Les études ont montré que, pour un trop grand nombre d’employés n’appartenant pas aux échelons les plus élevés, la GRC est un milieu de travail non équitable. C’est notamment le cas pour les femmes et les membres des minorités, mais aussi pour les hommes blancs qui ne font pas partie des cercles d’influence. La semaine dernière, à une réunion du Comité sénatorial de la sécurité nationale et de la défense, le commissaire Paulson a qualifié ces gens de mauvais perdants : « Soyons honnêtes. Les ambitions de certains dépassent leurs capacités. Je ne peux pas gérer une force qui tolère ou indemnise des gens qui ont des ambitions inachevées. »

Le commissaire a dit au Comité qu’il avait tenu la main d’agentes de la GRC qui avaient subi la violence de collègues. Il a dit qu’il avait demandé à l’une d’elles, la sergente d’état-major Caroline O’Farrell, qui a déclaré avoir été violentée par des membres du Carrousel, comment il pouvait l’aide dans sa démarche. « Je lui ai demandé ce que nous pouvions faire, moi ou quiconque d’autre, pour l’aider. Elle a refusé notre aide. Elle m’a seulement offert de me remettre sa déclaration avant de la déposer ».

Il est passé, le temps de tenir les mains à la GRC. Il est passé, le temps où les simples agents devaient espérer bénéficier de la sympathie du commissaire ou d’un autre haut gradé pour obtenir le respect qui leur était dû.

Force est de constater que deux options sont possibles pour les membres qui ont été mal traités par la GRC : une poursuite en justice ou un syndicat.

Les poursuites avivent les ustilités entre les parties.

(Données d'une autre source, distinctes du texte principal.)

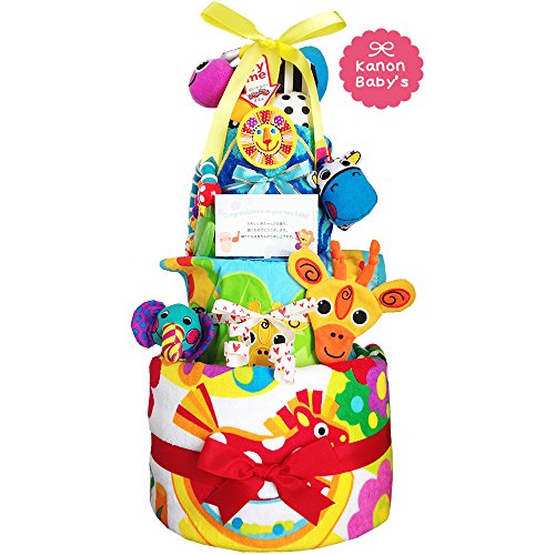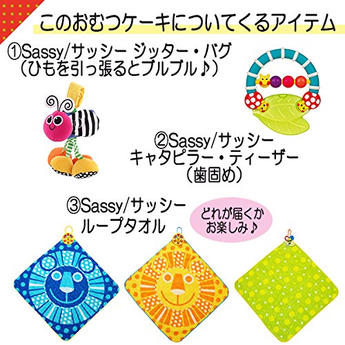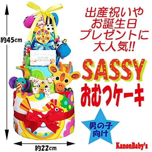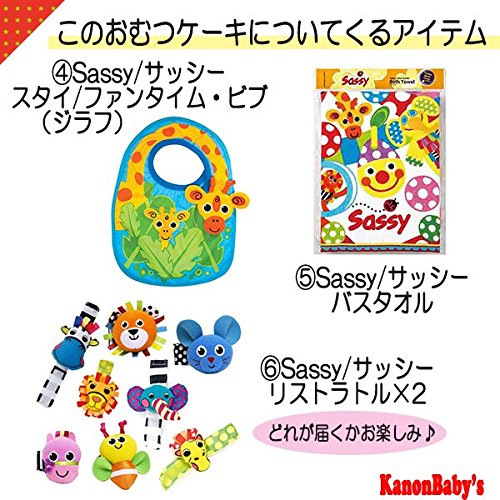 人気のSassy/サッシーのタオルやぬいぐるみ、おもちゃを使い、かわいいおむつケーキに仕上げておりますので、出産祝いはもちろん、内祝い、100日祝い、ハーフバースデー、初節句、お誕生日プレゼントに大変喜ばれるギフトです。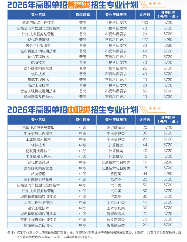 四川交通职业技术学院2026年单独考试招生专业及计划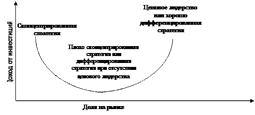Рис. 3. Матрица "Бостон консалтинг групп" Программа воздействия рыночной стратегии на прибыль ( PIMS) , Институтом стратегического планирования, предполагает сбор данных от ряда корпораций для того, чтобы установить взаимосвязь между различными экономическими параметрами и двумя характеристиками функционирования организации: доходом от инвестиций и движением наличных средств. Информация собирается подразделениями и агрегируется по отраслям. Анализируя общие данные по отрасли, организация может определить воздействие различных маркетинговых стратегий на функционирование. Согласно результатам 1983 г. в США на доход сильнее всего влияли следующие факторы, связанные с маркетингом: доля на рынке относительно трех ведущих конкурентов; стоимость, добавленная компанией; рост отрасли; качество продукции; уровень инновации/дифференциации и вертикальная интеграция (обладание последующими каналами сбыта). Что касается движения денежных средств, данные PIMS говорят о том, что растущие рынки требуют от компании средств, относительная высокая доля на рынке улучшает поступление денег, а высокие уровни инвестиций поглощают деньги. Эти выводы весьма схожи с результатами, которые дает матрица "Бостон консалтинг групп". Информация направляется участвующим компаниям в следующих формах: стандартные сообщения - информация о среднем доходе от инвестиций, конкуренции, технологии и структуре издержек; сообщения по анализу стратегий - описание воздействия изменений в стратегии на кратко- и долгосрочный доход от инвестиций и движение наличных средств; сообщения об оптимальных стратегиях - изложение стратегии, максимизирующей результаты; сравнительные сообщения - анализ тактики схожих конкурентов, как удачливых, так и неудачливых. 2 . 4. Общая стратегическая модель Портера Общая стратегическая модель Портера рассматривает две основные концепции планирования маркетинга и альтернативы, присущие каждой из них: выбор целевого рынка (в рамках всей отрасли или отдельных сегментов) и стратегическое преимущество (уникальность или цена). Объединяя эти две концепции, модель Портера идентифицирует следующие базовые стратегии: преимущество по издержкам, дифференциация и концентрация. Используя стратегию преимущества по издержкам, фирма ориентируется на широкий рынок и производит товары в большом количестве. При помощи массового производства она может минимизировать удельные издержки и предлагать низкие цены. Это позволяет иметь более высокую долю прибыли по сравнению с конкурентами, лучше реагировать на рост себестоимости и привлекать потребителей, ориентирующихся на уровень цен. Используя стратегию дифференциации, фирма нацеливается на большой рынок, предлагая товар, который рассматривается как выделяющийся. Компания выпускает привлекательный для многих товар, который тем не менее рассматривается потребителями как уникальный в силу его дизайна, характеристик, доступности, надежности и т. д. В результате цена не играет столь важной роли, и потребители приобретают достаточную лояльность к товарной марке. В рамках стратегии концентрации компания выделяет специфический сегмент рынка через низкие цены или уникальное предложение. Она может контролировать издержки посредством концентрации усилий на нескольких ключевых товарах, предназн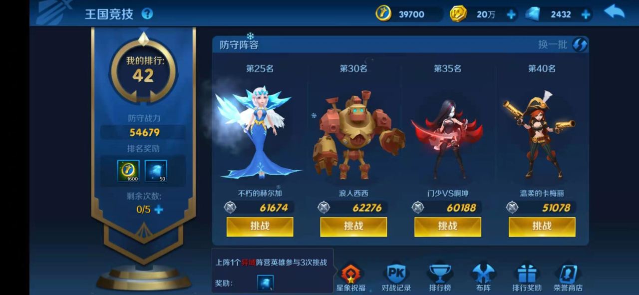 因为星象祝福对王国竞技的对战有一定程度的影响,所以当天上阵的英雄也可以考虑变换一下,根据属性加成最高收益来。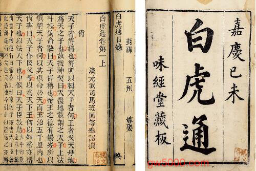 《白虎通义》又称《白虎通》,是中国汉代讲论五经同异,统一今文经义的一部重要著作。班固等人根据汉章帝建初四年(公元79)经学辩论的结果撰集而成。因辩论地点在白虎观而得名。《白虎通义》继承了董仲舒以后今文经学神秘的唯心主义思想。它以神秘化了的阴阳、五行为基础,解释自然、社会、伦理、人生和日常生活的种种现象,对宋明理学的人性论产生了一定影响。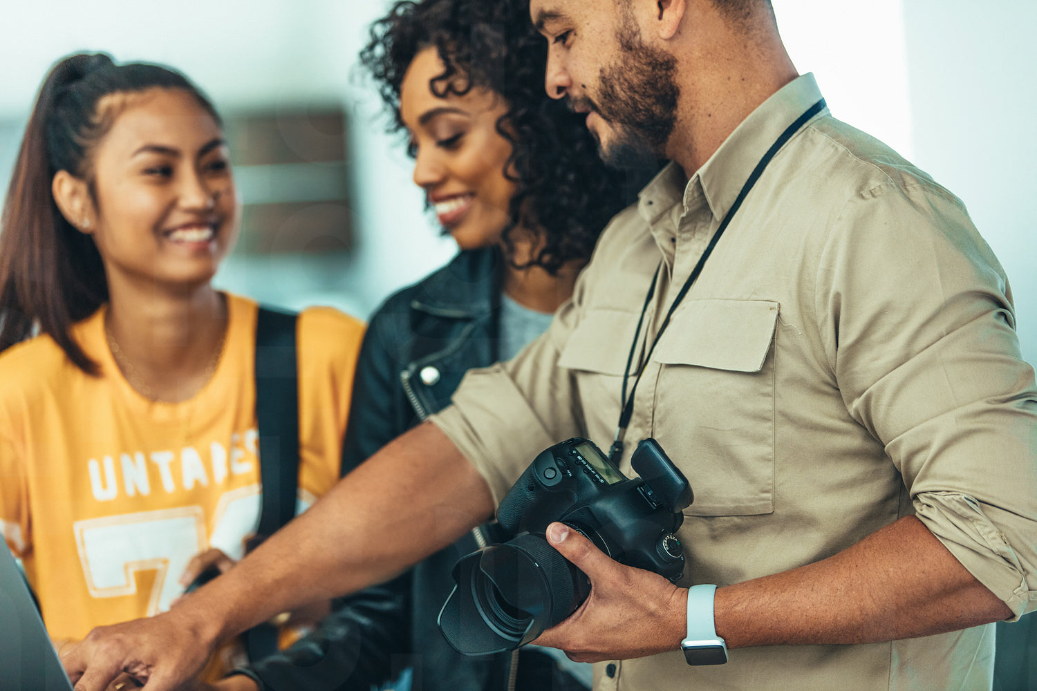 Photographer doing a review of the photo shoot with his team. Models looking at shoot photographs and smiling.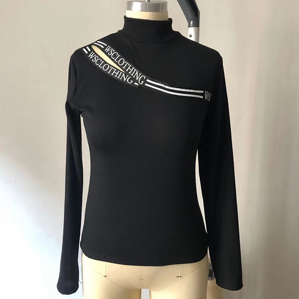 Sexy Hollow Out Letters Printed Long Sleeve Mock Neck Slim Fit Top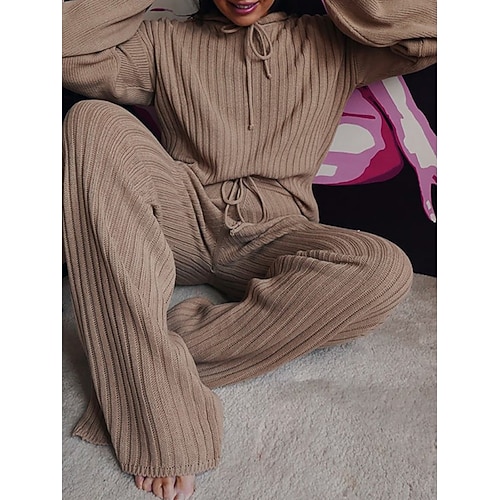 Per donna Moda Streetwear Set di Pantaloni Bolero Top Manica Lunga Con Cappuccio Tinta unica All'aperto Casuale Quotidiano Nero Rosa Rosso Autunno Vestibilità regolare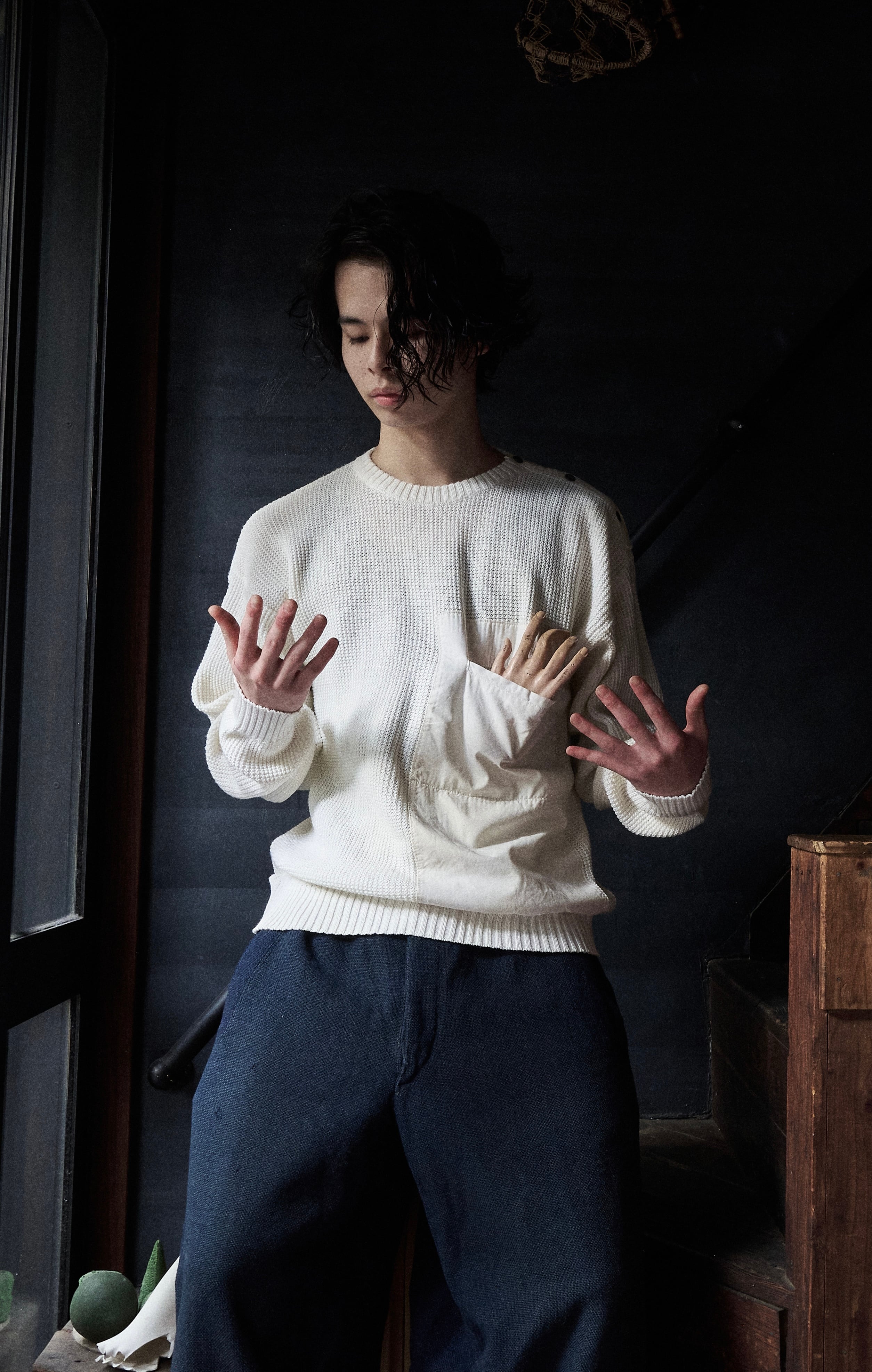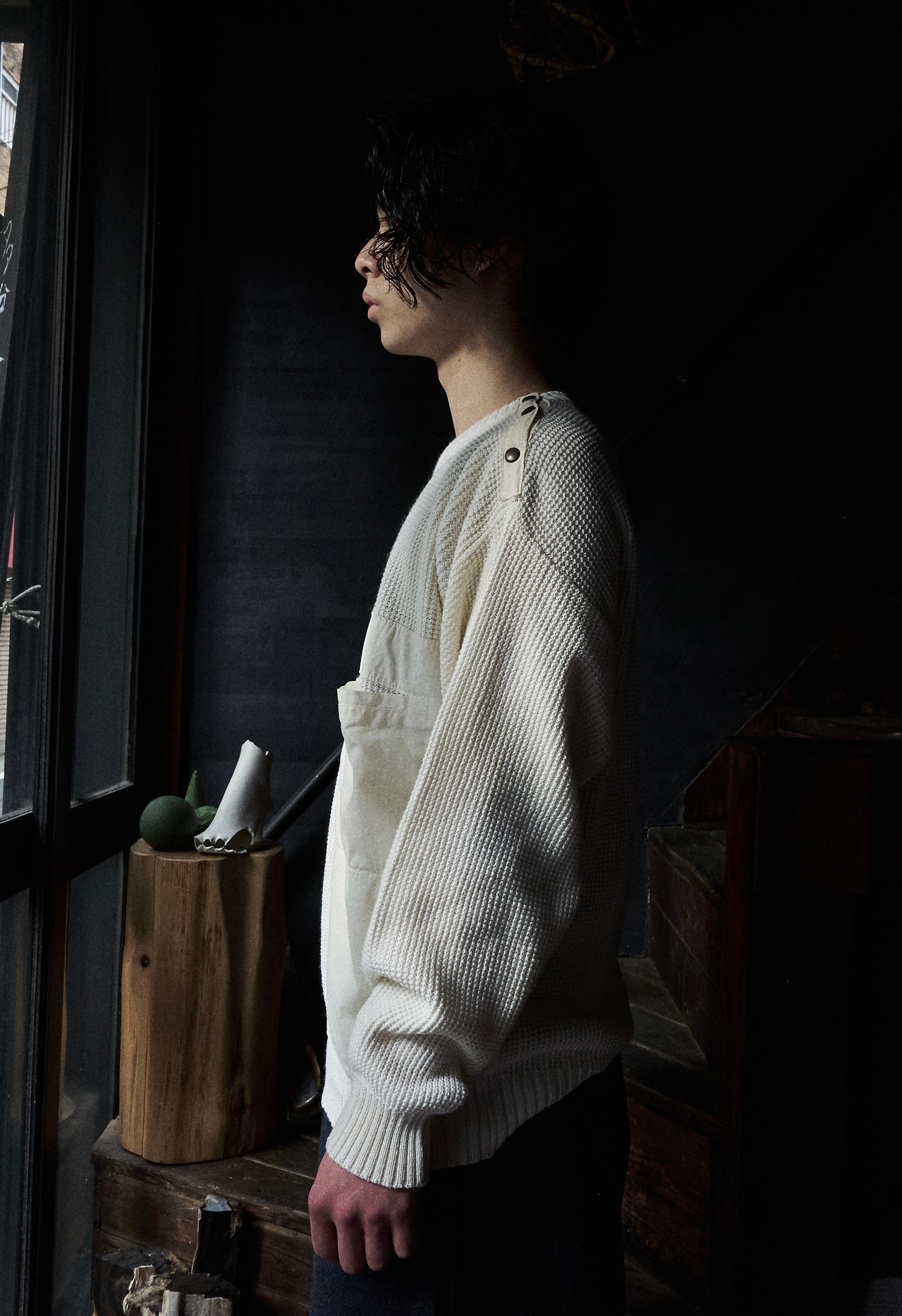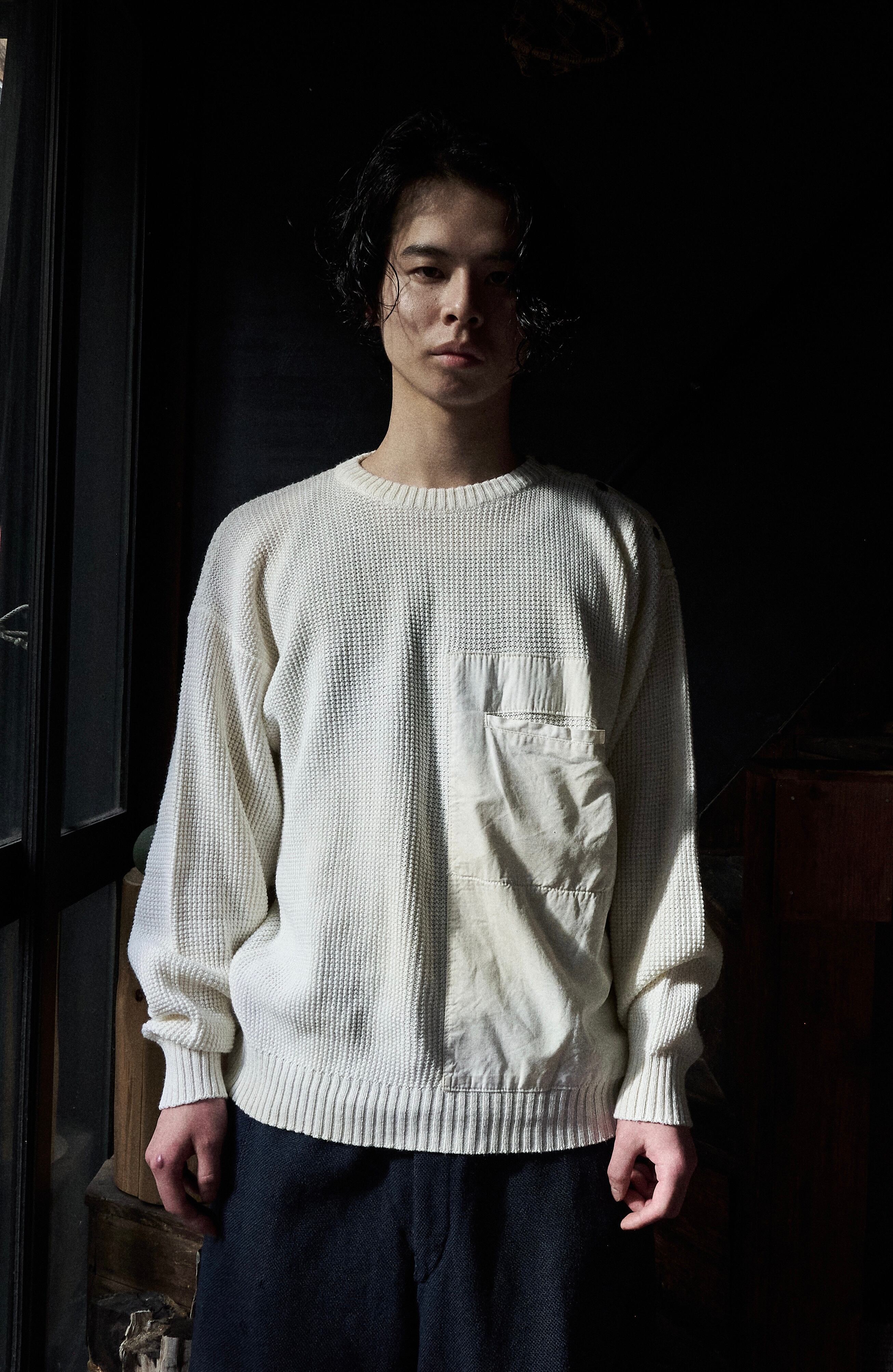 80s euro Diagonal Button Big Pocket Cotton Knit

De plus, chaque fois qu’une affaire se retrouve devant les tribunaux, la GRC, institution autrefois vénérée, perd un peu plus de son lustre.

Les syndicats ne font pas l’affaire de tout le monde. Bien sûr, la direction doit rester aux commandes, mais les syndicats sont souvent capables de favoriser un certain équilibre dans les cas où les droits d’un employé ont été bafoués, comme dans celui qui nous occupe ici.

Le gouvernement Harper a présenté, à la dernière législature, un projet de loi qui aurait permis aux membres de la GRC de former un syndicat. C’est un tribunal ontarien qui le lui avait ordonné. Mais le gouvernement a appelé de la décision, qui a été infirmée, et il a remplacé son projet de loi par celui qui renforce le pouvoir du commissaire de congédier des employés.

Nous voyons maintenant le résultat. Plus de décisions autoritaires, plus de décisions arbitraires.